RRF vs. weighted sum for fusion: Reciprocal Rank Fusion (RRF) is more robust than weighted score combination because it operates on ranks rather than raw scores, which have different scales across retrieval methods. The RRF constant k=60 normalizes the contribution of high-rank results without discarding low-rank results. For most use cases, RRF outperforms score normalization + weighted sum by 3-7% on standard IR benchmarks.

When BM25 contributes most: exact technical terminology, product names, abbreviations (API names, ticker symbols, medical codes), quoted phrases, and numeric values. These are the cases where semantic embeddings most commonly fail to retrieve the relevant passage.
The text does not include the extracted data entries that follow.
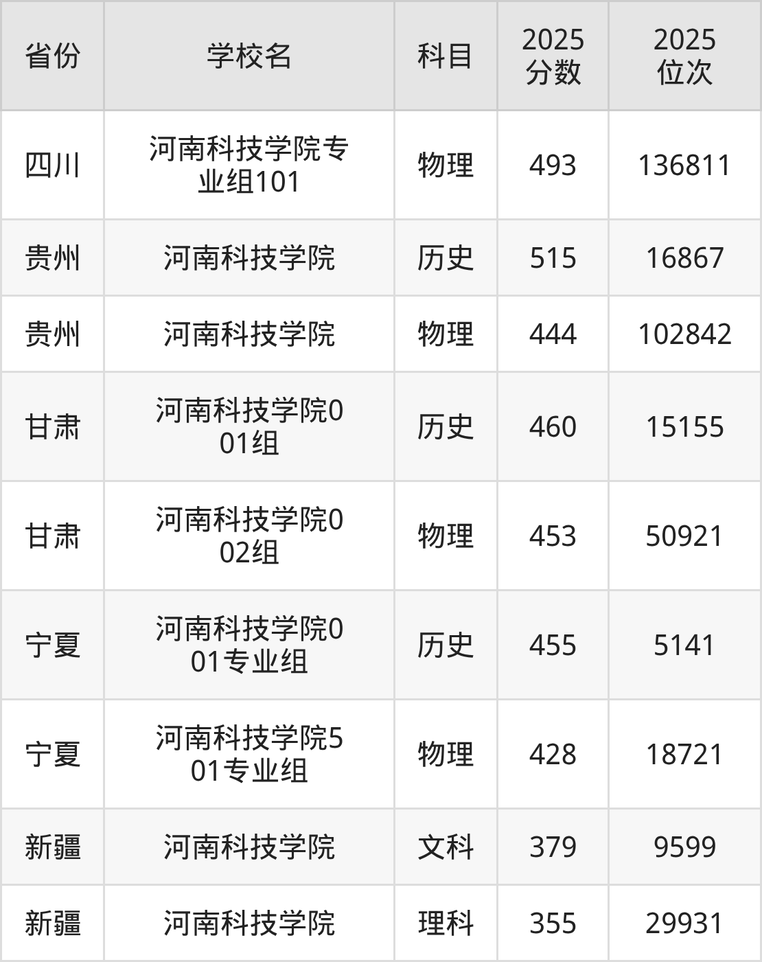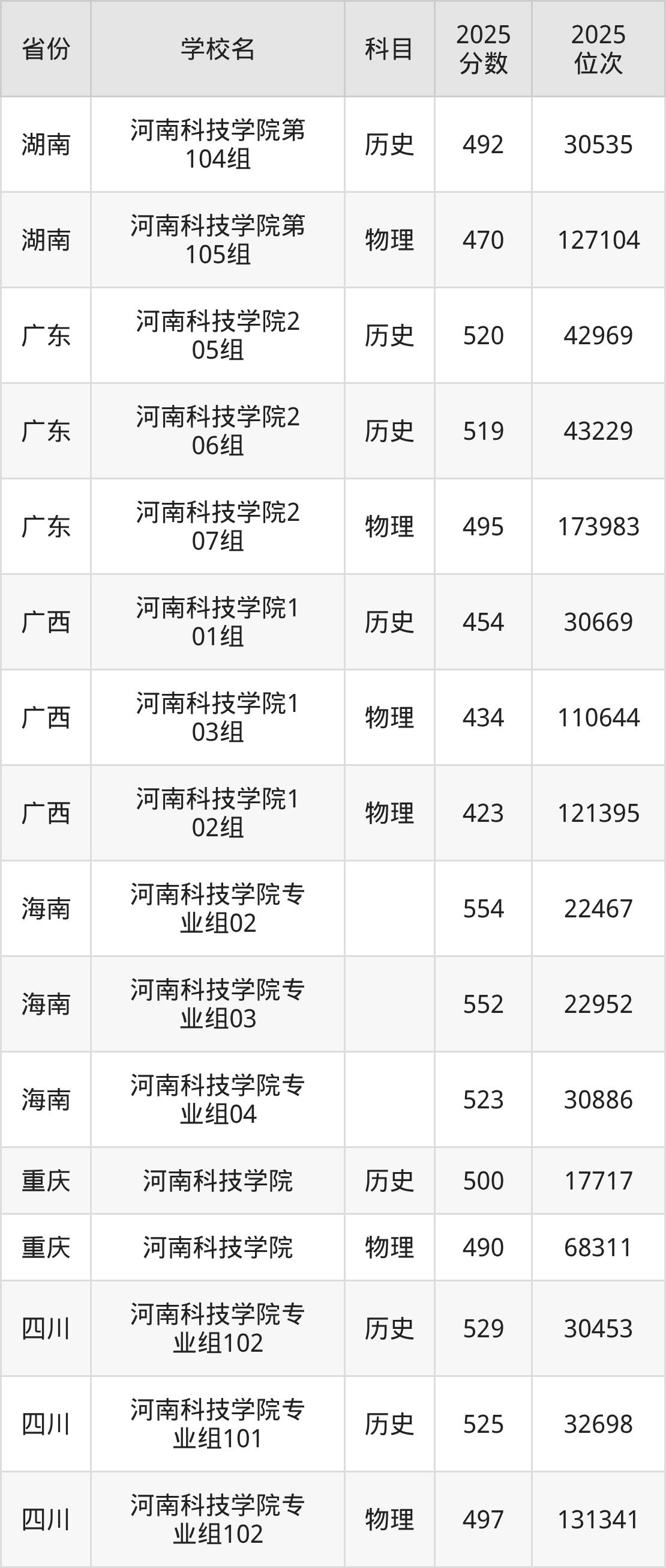 2025年河南科技学院历史类最低分484分(17924名)、物理类最低分493分(75303名)。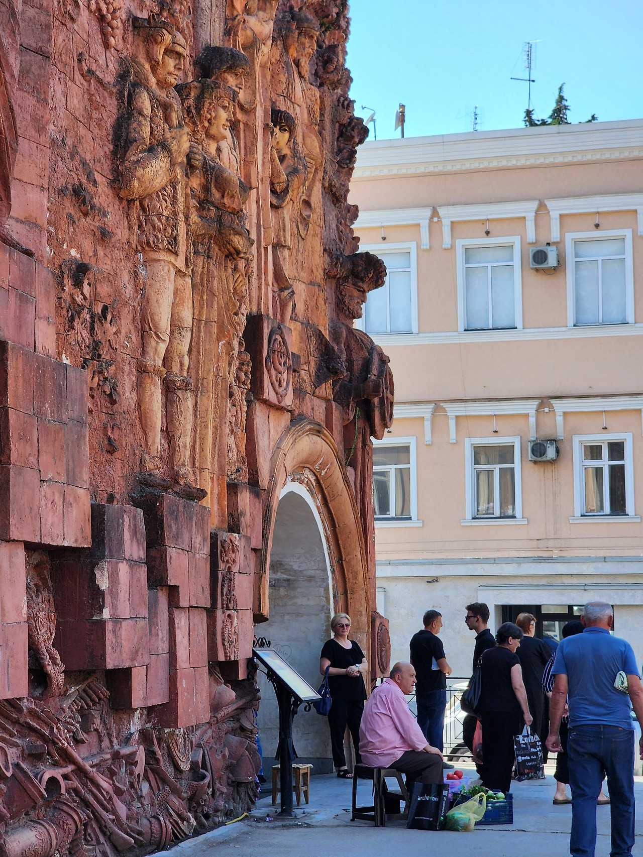 지도를 따라가다 보니 금세 시장 입구에 도착했습니다. 그런데, 도착하자마자 깜짝 놀랐는데요. 전혀 예상치 못한 예술 작품처럼 보이는 구리로 만든 '벽 부조(Relief)'가 설치되어 있었습니다. 이는 노동의 숭고함을 상징하는 구소련 시절 제작된 부조입니다.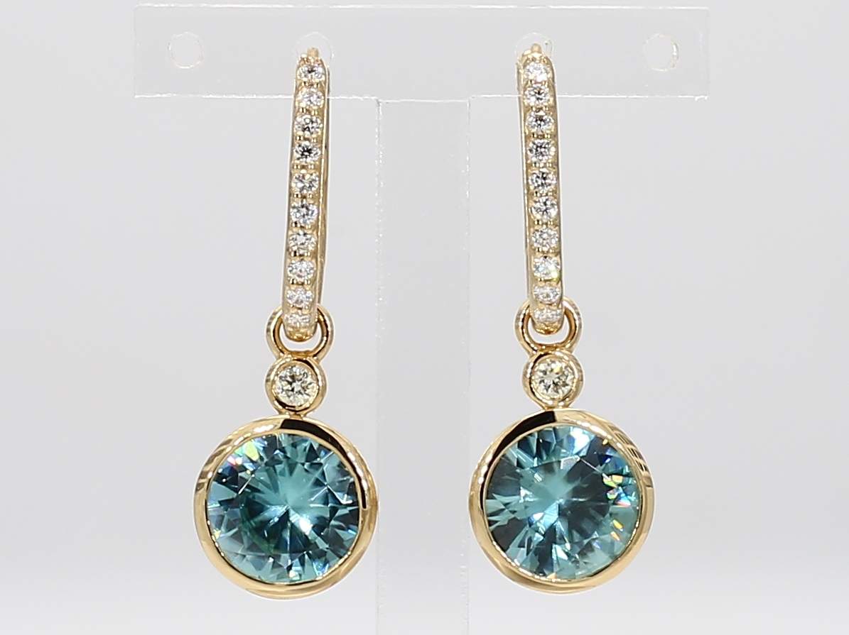 ROUND BLUE ZIRCON & ROUND DIAMOND 14KY EARRING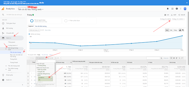 Các bạn chỉ cần truy cập vào mục HÀNH VI => Nội dung trang web => Tất cả các trang => chọn ngày => vào link cần xem => Chọn thứ nguyên phụ “ip Address”.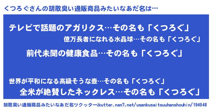 | 意味不明あだ名 | 『永久保存くつろぐ』『自称くつろぐ』 |
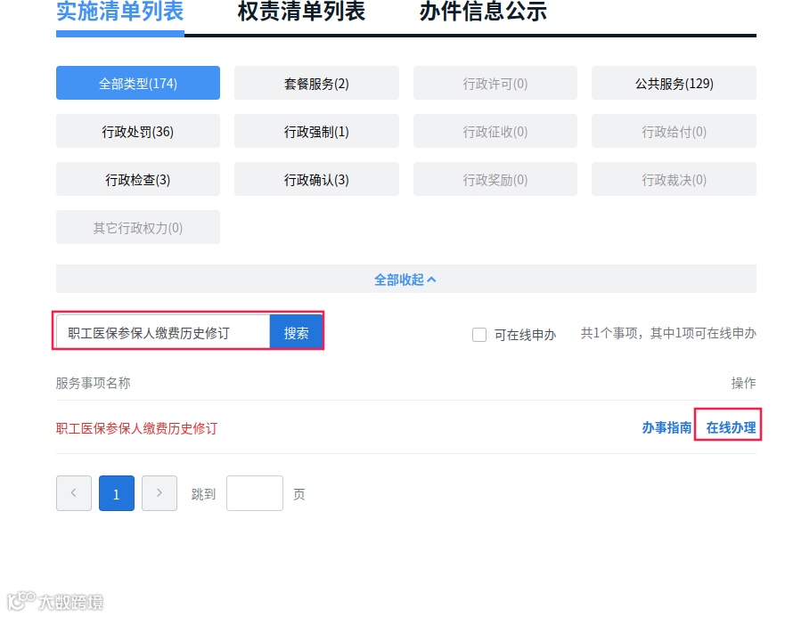 3.在搜索栏搜索“职工医保参保人缴费历史修订”,点击“在线办理”。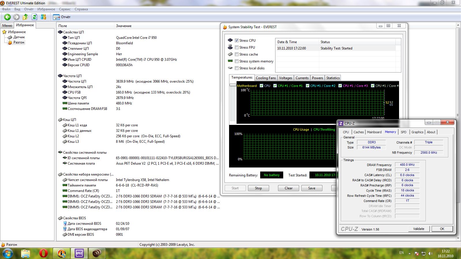 2x2Gb OCZ DDR3 7-7-7-16 {не нашел - показатели взяты с CPU-Z}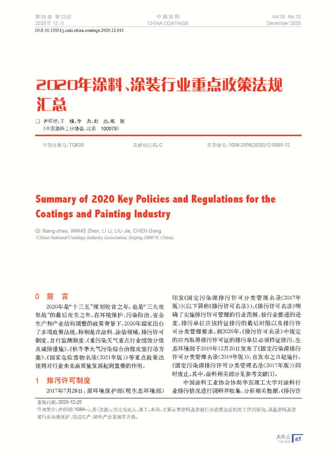 本文系作者@齊祥昭,王 臻,李 力,劉 杰,陳 鋼 授權中國涂料網發表,并經中國涂料網編輯,未經允許不得轉載,如需轉載請聯系chinacoatingnet@vip.163.com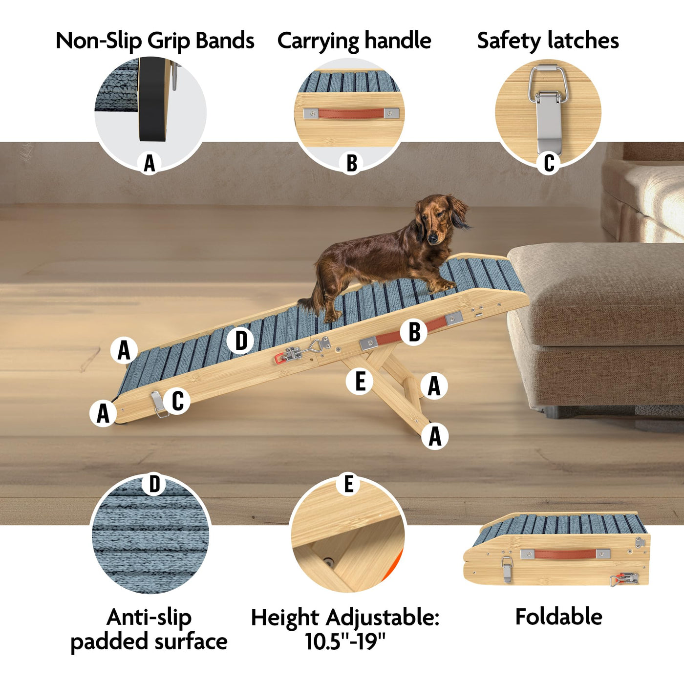 Elevated Comfort & Confidence For Your Pet - Pet Shop Hq 34 Foldable Dog Ramp For Beds & Couches Give Your Dog Or Cat The Independence They Deserve - Without Compromising On Safety, Style, Or Your Homes Space. The Pet Shop Hq Adjustable Dog Ramp Is Thoughtfully Designed For Small Dogs, Aging Pets, Or Breeds Prone To Joint Issues Like Dachshunds, Corgis, And Chihuahuas, Helping Them Safely Reach Higher Surfaces Like Your Bed, Couch, Or Sofa Without The Risks Of Jumping Or Climbing. Durable Bamboo Frame Built For Daily Use Made With Premium, Chemical-Free Bamboo, Our Dog Ramp Is More Than Just A Pretty Face. Its Crafted To Be Ultra-Durable, Supporting Pets Up To 200 Lbs With Ease, While Being Naturally Moisture-Resistant And Long-Lasting. The Sleek Wooden Design Also Blends Beautifully Into Your Homes Decor - No Unsightly Plastic Or Metal Here. Customizable Height With 4 Secure Settings Not All Furniture Is The Same Height, And Neither Are Your Pets Needs. Thats Why Our Folding Pet Ramp Features 4 Adjustable Height Levels (Up To 19 ), Giving You The Flexibility To Use It Across Multiple Spaces - From Your Bed To Your Sofa, And Even Near Vehicles With Lower Entry Points. The Built-In Landing Platform At The Top Offers Your Pet An Extra Moment To Stabilize Before Stepping Off. No Slips, No Worries - Safety Comes First The Pet Shop Hq Pet Ramp Features Anti-Slip Rubber Feet For A Rock-Solid Base, And A Paw-Friendly Textured Surface That Helps Your Pet Maintain Traction Every Step Of The Way. Whether Theyre Tiny Or Timid, Your Pet Can Climb With Confidence Without Slipping Or Skidding, Even On Slick Floors. Compact, Foldable, & Travel-Ready When Its Time To Clean Or Reclaim Your Space, Just Fold The Ramp Flat And Slide It Under Your Bed Or Couch. Lightweight Yet Sturdy, Its Also Ideal For On-The-Go Use - Take It With You For Weekend Getaways, Vet Visits, Or Anytime Your Pup Needs Help Accessing High Spots In A New Environment. Why Pet Parents Love The Pet Shop Hq Ramp Trusted By Thousands Of Small Dog & Senior Pet Owners Ideal For Dachshunds, Yorkies, French Bulldogs, Shih Tzus, And More Reduces Stress On Hips And Joints For Aging Or Recovering Pets No Assembly Required - Unfolds In Seconds For Immediate Use Stylish, Natural Wood Frame Complements Any Room Give Your Beloved Companion The Comfort, Independence, And Safety They Deserve. With The Pet Shop Hq Dog Ramp, Climbing Up Has Never Been Easier Or Safer.

ColBERT Late Interaction: TokenLevel Matching at Scale

ColBERT (Contextualized Late Interaction over BERT) is a retrieval model that provides token-level matching between query and document rather than comparing single embedding vectors.

Standard dense retrieval: embed query → single vector; embed document → single vector; similarity = dot product of two vectors.

ColBERT: embed query → one vector per query token; embed document → one vector per document token; similarity = MaxSim (for each query token, find the maximum similarity to any document token, then sum across query tokens).

MaxSim(Q, D) = Σ_i max_j (Q_i · D_j^T)

This captures token-level relevance that a single document vector cannot. A query token "transformer" will find its highest-matching document token even if the document embedding centroid doesn't closely match the query centroid.

import torch
import numpy as np
from transformers import AutoTokenizer, AutoModel
 
class ColBERTRetriever:
    """
    ColBERT-style late interaction retrieval.
    Uses single BERT model for both query and document encoding.
    """
 
    def __init__(self, model_name: str = "colbert-ir/colbertv2.0"):
        self.tokenizer = AutoTokenizer.from_pretrained(model_name)
        self.model = AutoModel.from_pretrained(model_name)
        self.model.eval()
        self.doc_embeddings: list[torch.Tensor] = []
        self.docs: list[str] = []
 
    def encode_query(self, query: str) -> torch.Tensor:
        """Encode query into per-token embeddings: [n_query_tokens, dim]"""
        inputs = self.tokenizer(
            f"[Q] {query}",  # Query prefix
            return_tensors="pt",
            max_length=32,    # ColBERT uses short query sequences
            truncation=True,
        )
        with torch.no_grad():
            outputs = self.model(**inputs)
        embeddings = outputs.last_hidden_state[0]  # [n_tokens, dim]
        # L2 normalize each token embedding
        return torch.nn.functional.normalize(embeddings, dim=-1)
 
    def encode_document(self, doc: str) -> torch.Tensor:
        """Encode document into per-token embeddings: [n_doc_tokens, dim]"""
        inputs = self.tokenizer(
            f"[D] {doc}",  # Document prefix
            return_tensors="pt",
            max_length=180,   # ColBERT uses longer document sequences
            truncation=True,
        )
        with torch.no_grad():
            outputs = self.model(**inputs)
        embeddings = outputs.last_hidden_state[0]
        return torch.nn.functional.normalize(embeddings, dim=-1)
 
    def maxsim(self, query_embeddings: torch.Tensor,
                doc_embeddings: torch.Tensor) -> float:
        """
        Compute ColBERT MaxSim score.
        For each query token, find max similarity to any document token.
        Sum across query tokens.
        """
        # [n_query_tokens, n_doc_tokens] similarity matrix
        similarities = query_embeddings @ doc_embeddings.T
 
        # For each query token: max similarity across document tokens
        max_similarities = similarities.max(dim=1).values
 
        # Sum across query tokens (excluding [Q] special token)
        return max_similarities[1:].sum().item()  # Skip [Q] token
 
    def index(self, documents: list[str]):
        """Pre-encode all documents."""
        self.docs = documents
        self.doc_embeddings = [self.encode_document(doc) for doc in documents]
 
    def retrieve(self, query: str, top_k: int = 10) -> list[tuple[int, float, str]]:
        """Retrieve top_k documents by MaxSim score."""
        query_emb = self.encode_query(query)
 
        scores = [
            (i, self.maxsim(query_emb, doc_emb))
            for i, doc_emb in enumerate(self.doc_embeddings)
        ]
 
        scores.sort(key=lambda x: x[1], reverse=True)
        return [(idx, score, self.docs[idx]) for idx, score in scores[:top_k]]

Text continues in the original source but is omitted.